Segment Start: Task inputs

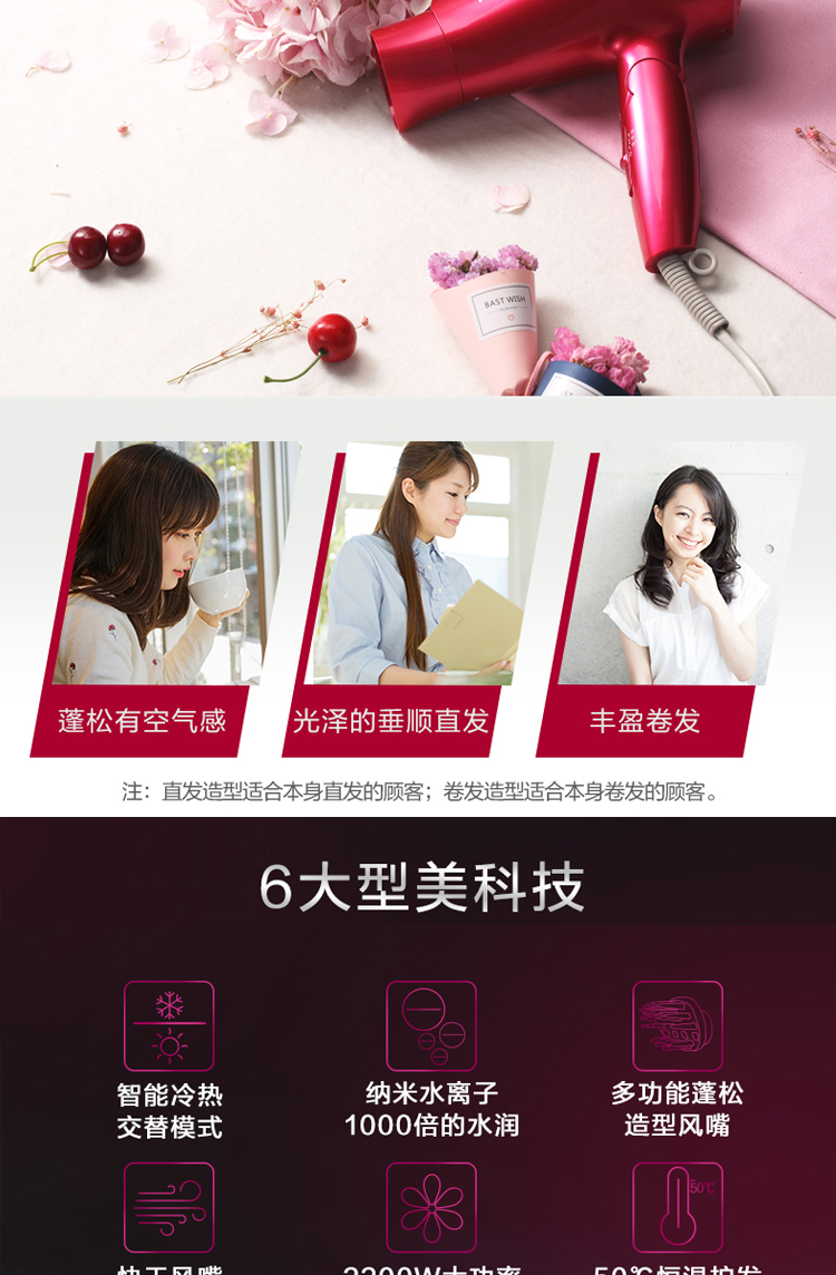 パナソニックのドラえもん家庭用ナノケア大パワと冷熱風を交互にした恒温コーデュナリングして折りたたみ式携帯帯ドレヤEH-WNA 8 B-P 2200 W赤
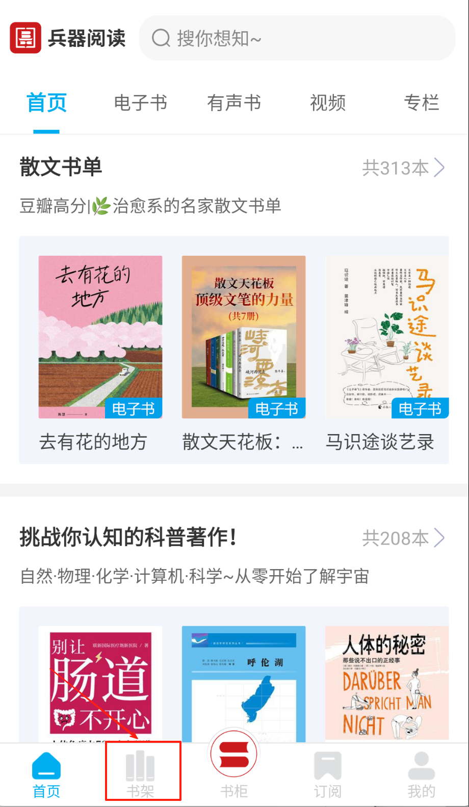 2、利用订阅专区添加个人偏好资源,书架模块管理已下载电子书和音频文件,打造专属阅读空间。
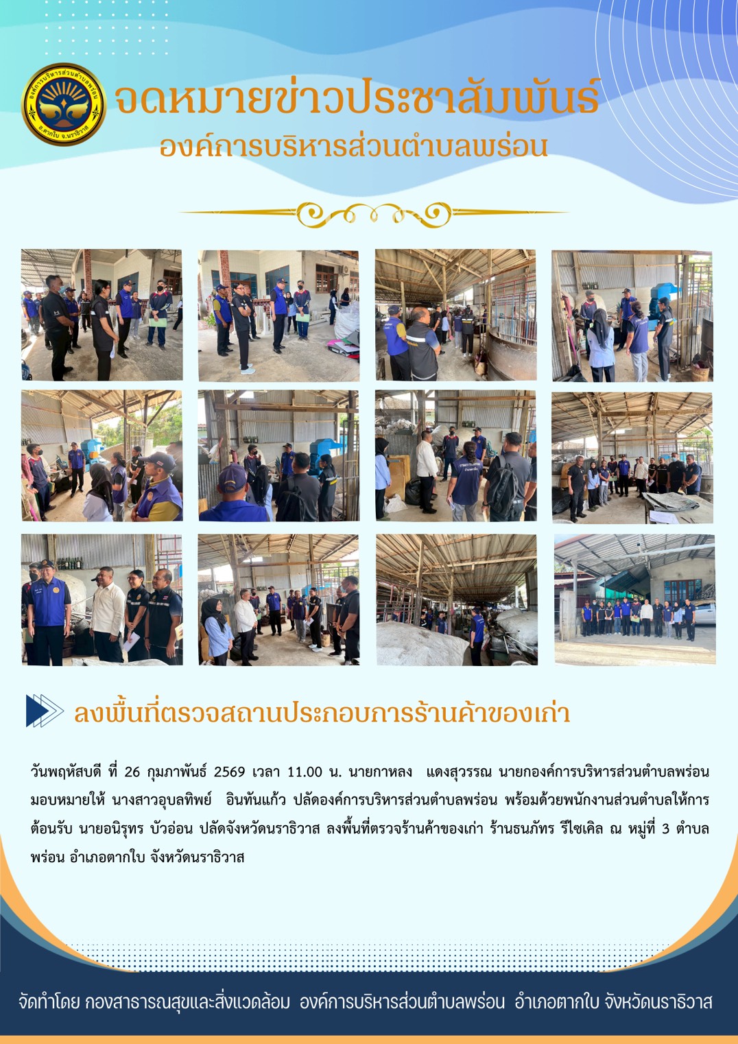 วันพฤหัสบดีที่ 26 กุมภาพันธ์ 2569 เวลา 11.00 น. นายกาหลง แดงสุวรรณ นายกองค์การบริหารส่วนตำบลพร่อน มอบหมายให้ นางสาวอุบลทิพย์ อินทันแก้ว ปลัดองค์การบริหารส่วนตำบลพร่อน พร้อมด้วยพนักงานส่วนตำบลให้การต้อนรับ นายอนิรุทร บัวอ่อน ปลัดจังหวัดนราธิวาส ลงพื้นที่ตรวจร้านค้าของเก่า ร้านธนภัทร รีไซเคิล ณ หมู่ที่ 3 ตำบลพร่อน อำเภอตากใบ จังหวัดนราธิวาส
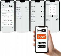 Stacja z WiFi może być połączona z aplikacją TUYA i monitorować dane z dowolnego miejsca na Ziemi.
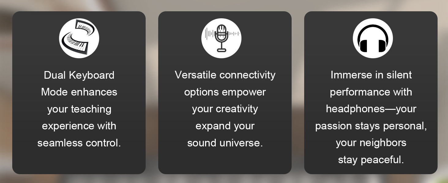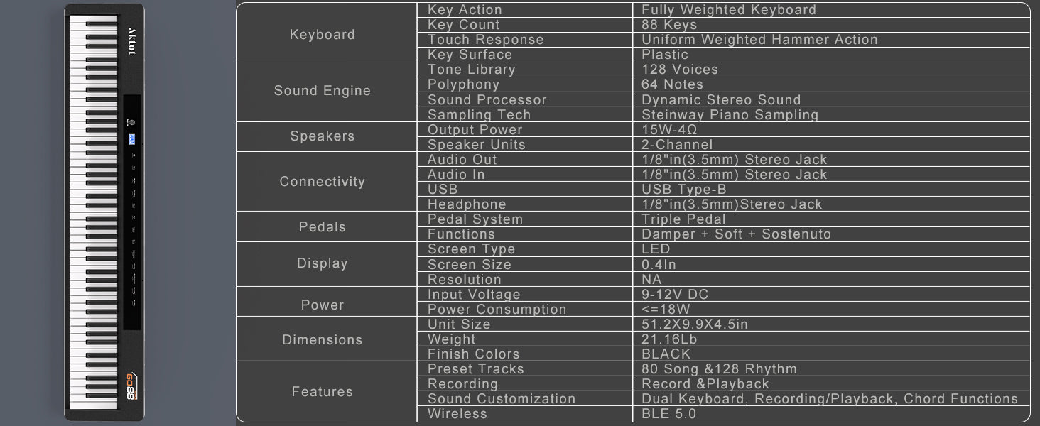 Immersive Dual Speaker Sound Quality: Experience room-filling acoustics through dual 15W 4Ω speakers engineered with advanced anti-distortion technology. These powerful built-in drivers deliver crystal-clear audio across all 128 tones, from deep bass resonance to sparkling highs, perfect for both silent headphone practice and lively home concerts. The optimized sound chamber design ensures authentic piano projection whether you're performing classical pieces or modern synth arrangements.
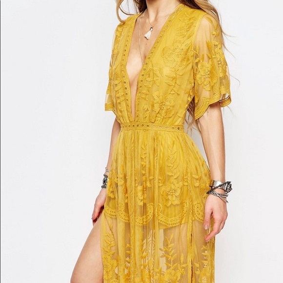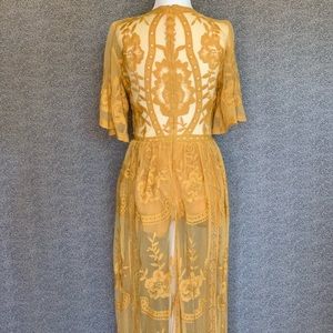 Stunning Honey Punch marigold lace maxi dress. Deep V neckline, intricate lace details.

Segment End: Task inputs

# Exercise aim
The answer must be the lines of the entries above, written out exactly from the first through the one with "Stacja z WiFi", and no pictures.

# Finished exercise
 パナソニックのドラえもん家庭用ナノケア大パワと冷熱風を交互にした恒温コーデュナリングして折りたたみ式携帯帯ドレヤEH-WNA 8 B-P 2200 W赤
 2、利用订阅专区添加个人偏好资源,书架模块管理已下载电子书和音频文件,打造专属阅读空间。
 วันพฤหัสบดีที่ 26 กุมภาพันธ์ 2569 เวลา 11.00 น. นายกาหลง แดงสุวรรณ นายกองค์การบริหารส่วนตำบลพร่อน มอบหมายให้ นางสาวอุบลทิพย์ อินทันแก้ว ปลัดองค์การบริหารส่วนตำบลพร่อน พร้อมด้วยพนักงานส่วนตำบลให้การต้อนรับ นายอนิรุทร บัวอ่อน ปลัดจังหวัดนราธิวาส ลงพื้นที่ตรวจร้านค้าของเก่า ร้านธนภัทร รีไซเคิล ณ หมู่ที่ 3 ตำบลพร่อน อำเภอตากใบ จังหวัดนราธิวาส
 Stacja z WiFi może być połączona z aplikacją TUYA i monitorować dane z dowolnego miejsca na Ziemi.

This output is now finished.